L’avversario, quantunque in apparenza sembrasse molto meno robusto, aveva parata la botta con tale velocità e maestria da strappare, agli spettatori, un vero urlo d’entusiasmo.

Perfino miss Ellen si era degnata di approvare con un gesto del capo.

By-good! — brontolo l’americano, sconcertato. — Non vi credevo così forte, signor di Montcalm.

Mi tenevo sicuro di spazzarvi via subito, mentre ora mi accorgo d’aver di fronte un boxer di prima forza.

Bah!... Vedremo la fine!... —

Il canadese si limitò a sorridere ed a lanciare uno sguardo rapido verso miss Ellen.

La giovane americana, in piedi dietro al volante, conservava una immobilità assoluta. Solamente i suoi occhi pareva che si fossero accesi.

— Attento, signor di Montcalm, — riprese l’americano, il quale si era rimesso prontamente in guardia. — Vi avverto che io proverò contro di voi un colpo terribile, insegnatomi dal mio maestro, che se riesce vi spaccherà la fronte e vi farà, nel medesimo tempo, schizzare gli occhi dalle orbite.
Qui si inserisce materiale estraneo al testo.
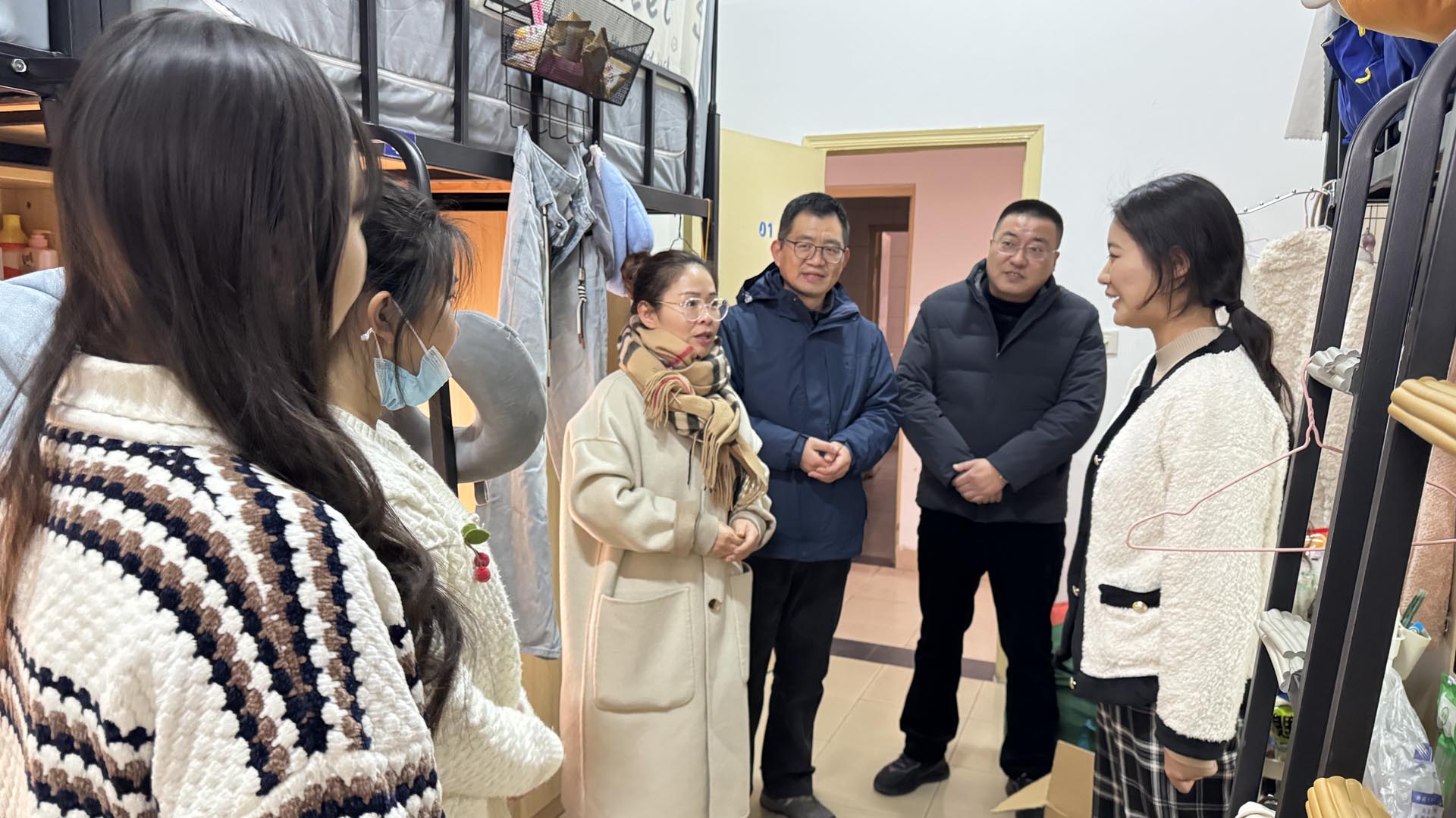 在走访过程中,周卫和陆松与同学们进行了亲切的交流,详细询问了同学们返程的路况,是否有受到大雪的影响。他们还认真了解了同学们在寒假期间的学习进展、生活状况,以及新学期的规划和心理状态。同时嘱咐同学们,无论是学习还是生活中,遇到困难或困惑时,应及时向学院老师、辅导员寻求帮助,鼓励同学们在新学期努力提升自己的专业能力和学术素养。

Lo chiamano il colpo di Tom Powell.

— Chiacchierate meno e agite di più, signor Torpon, — rispose il canadese. — Non sentite dunque quest’aria frizzante?

— Bah!... Noi yankees siamo ben corazzati contro il freddo e anche contro il caldo. Non per niente ci chiamano mezzi uomini e mezzi coccodrilli.